終電に間に合うように早足で帰って、晩御飯も大して食べることなく風呂に入ってベットに飛び込んだ時には眠ってしまったのだろう。
こんな生活を繰り返していたらいつか体を壊す。そうやって医者の卵に忠告されたのは一週間前のチャットでのメッセージ。それはお互い様ではないか、と返したやり取りが脳裏に浮かぶ。
今日は休みだから気が済むまで眠りたかったが、心配は掛けたくなかった。
重たい体を強引に持ち上げる―――――つもりだったが体が一つも動かない。
ここでようやく体の重さが内側からくるものではなく、外側からの圧力であることを知る。
それは、つまり、どういうことだ?混乱する光子郎の目がハッキリと覚めた時、光子郎の意図しない方向へ体がゆっくりと動かされ、何かが体に強く巻き付かれる感触で、誰かの腕の中にいることが理解が出来た。
いや、理解が出来た。という表現は間違っているかもしれない。斜め後ろからかかる息とふわりと香る、久しい匂い。きっと今、後ろで光子郎を抱き枕にして眠っているのは丈だ。
状況が理解できたとしても理由が理解できない。丈には当たり前だが自室がある。お互いの活動の時間軸やプライバシーなどを考慮して自室を用意できる部屋を借りたのだ。
なのに、丈はいつ、どのタイミングで光子郎の部屋に入ってきて、眠ってしまったのだろうか。
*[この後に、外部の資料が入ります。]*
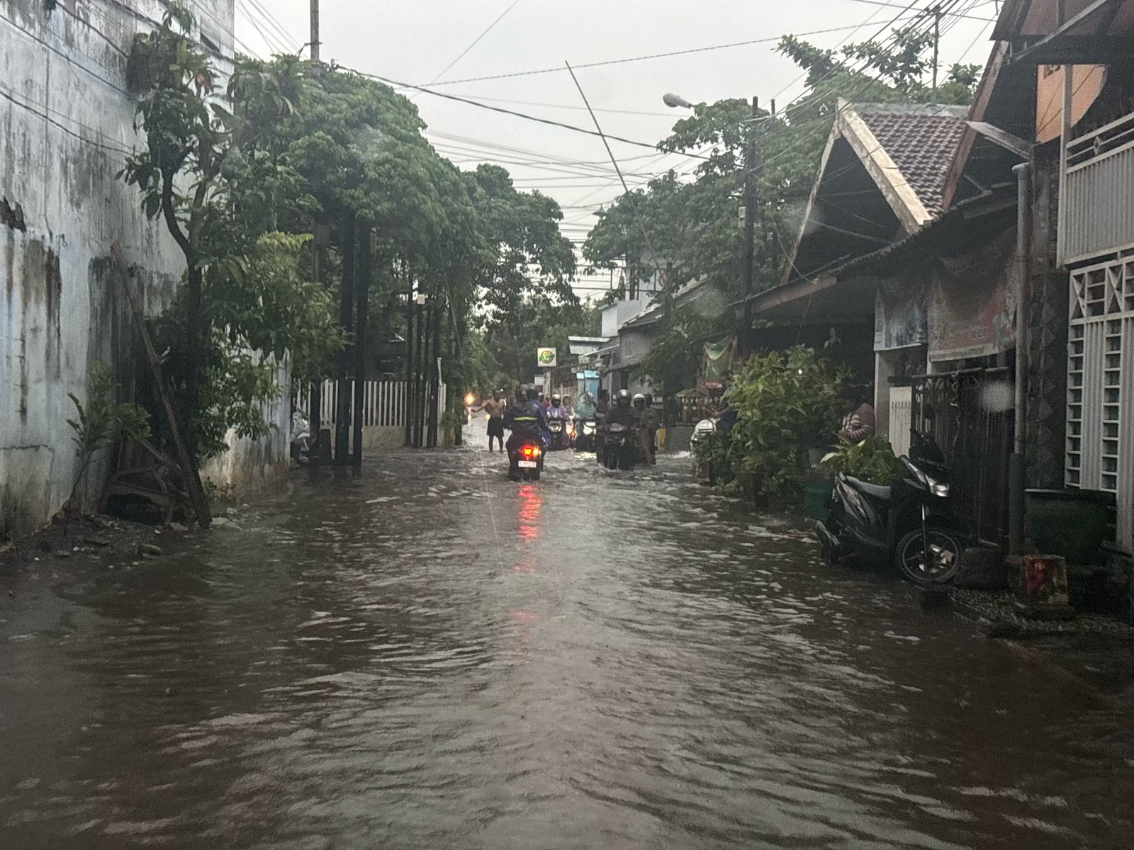 Bahkan genangan air masuk ke halaman rumahnya setinggi mata kaki. Soleh juga mengatakan, ada beberapa kendaraan roda empat terpantau mogok saat melintas.

昨日家に帰ってからの記憶なんて残っていない光子郎に答えを導くだけの材料なんてあるわけがない。だからといってこのままにしておくわけにもいかない。光子郎は丈の予定を大雑把にしか理解していないため、今日が丈も休みなのかどうかまでは分からなかった。
「丈さん。起きてください」
腕を後ろに回してポンポンと叩いてみるが、少し唸り声をあげるとさらに光子郎の体を抱き上げる。首の後ろから伝わる吐息や体温の距離が縮まり、光子郎の息がキュッと止まる。
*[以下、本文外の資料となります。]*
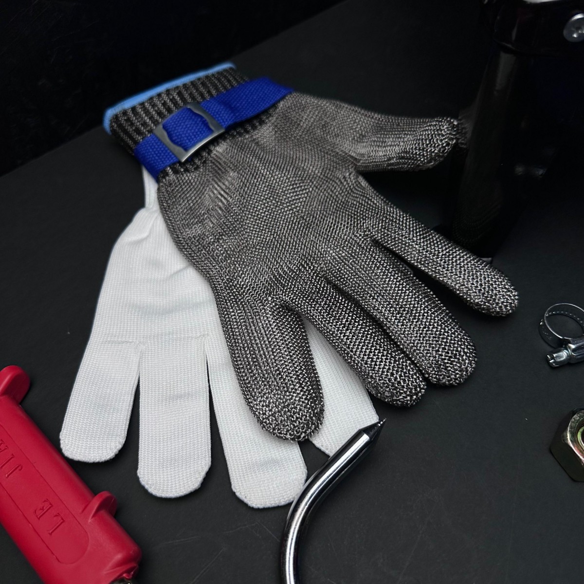 - Mănuși metalice incluse – protecție maximă împotriva tăieturilor

バクバクと活発に動く心臓に息苦しささえ感じてしまい、耐え切れなくなった光子郎はやや強引に丈の腕の中から抜け出した。
まるで有酸素運動を30分ほど行った後のような鼓動と息の速さを収めるように深呼吸をする。後ろを振り向くと、丈は抱いていたものが無くなり空いてしまった空間を埋めるように体を丸めて、穏やかに眠っていた。
寝顔なんていつぶりに見ただろうか。普段は年相応の凛々しい顔を見ているのに、寝顔は子供のようにあどけない。強引に体を動かされても目覚めもしないのはそれだけ忙しい毎日を送っていたのだろう。きっと昨日も光子郎が帰ってくるよりも遅く帰ってきたのだろう。
「丈さん」
「・・・・ん゛ん゛・・・」
丈に聞こえるように耳元で囁くと、もぞもぞと動き始める。起きているか定かではないが、気にせず話しかけてみる。
「今日は丈さん、休みなんですか?」
「今日、は・・・・休み・・・」
ポツリ、ポツリと声を絞り出しながら、丈の瞳が薄っすらと開いた。普段見ない顔に愛おしさを感じながら、光子郎はそっと微笑む。
「じゃあ僕、先に起きてご飯作っておきますね。丈さんはもう少し寝てても大丈夫ですよ」
いつもなら「それは申し訳ないよ」と言いながら起き上がるのだが、丈はコクリと頷いてはゆっくりと瞬きを繰り返す。少し幼く見えたその姿に頭をそっと撫でると、ゆっくりと目を閉じていく。まるで赤ん坊をあやしているような気分だった。
スゥ、と寝息を立てたのを確認すると光子郎は部屋を静かに出ていく。
「光子郎はん」
「テントモン。おはよう」
部屋から出ると、リビングにはもうテントモンがいた。ごめんね、今からご飯作るよ。と言うと一緒に手伝うと後ろを着いてきた。
最近まともに料理をしておらず心配だった冷蔵庫の中に入っていた食材に安堵すると、卵を取り出してフライパンを温めた。久しぶりに一緒に朝ご飯を食べれる事が嬉しくて、自然と気分が上がっていく。
「光子郎はん・・・えらい朝から嬉しそうでんなぁ」
「えっ?」
「さっきから口元が上がりっぱなしですわ。何か良い事でもあったんでっか?」
「あぁ・・・まぁ、ちょっとね」
光子郎の曖昧な返答にテントモンは首をかしげるが、特に追及することはなかった。
油を敷いて卵を入れればパチパチと弾ける音と美味しそうな匂いがする。今日は良い一日になりそうだ、と窓から見上げた空は澄んだ青が広がっていた。